“Gayrı”dan Münezzehtir!
“RİSÂLE-İ GAVSİYE” isimli eserinde Gavs-ı Â’zâm Abdulkâdir Geylânî kendisine sırrından, özünden şöyle hitap edildiğini anlatır:
−Yâ Gavs-ı Â’zâm! Allâh, gayrından münezzeh, Allâh’a yakındır!
Burada anlatılmak istenilen mânâ şudur:
Allâh, kendisinden gayrı bir varlığın mevcudiyetinin düşünülmesinden münezzehtir! Yani, O’ndan gayrının varlığının düşünülmesi muhaldir! O, bu münezzehiyeti dolayısıyla, ayrı bir varlık anlamına gelen tüm anlamlardan berîdir, ötedir. Ancak bu berîlik, ötelik; mekânsal veya boyutsal değil, anlam olaraktır.
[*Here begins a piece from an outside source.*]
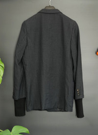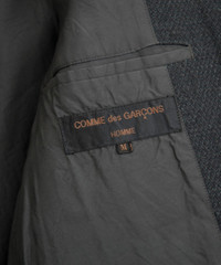 Comme des Garcons Homme jacket/blazer with extended sleeves (rib knitted cuffs). Fully lined. Notch lapel. From autumn/winter 1999. Size: M Measurements (approximate): Shoulder width - 40,5 cm Armpit to armpit - 52,5 cm Arm length - 59,5 cm + 15 cm Length from neck to hem - 73 cm Material: 100% Wool Lining: 100% Cupra Condition: Some wear and tear on the inside. The right rib knited cuff has some repairs.

Kısacası “Allâh”, kendisinden ayrıca bir varlığın söz konusu olması anlamından berîdir! Ve Allâh, ancak kendisine yakındır. Yani şayet bir yakınlık mefhumu, ona yakın olma kavramı düşünülecekse, ancak kendisinin kendisine olan yakınlığından söz edilebilir. Çünkü varlığından ve vücudundan söz edilebilecek yegâne var olan, kendisidir.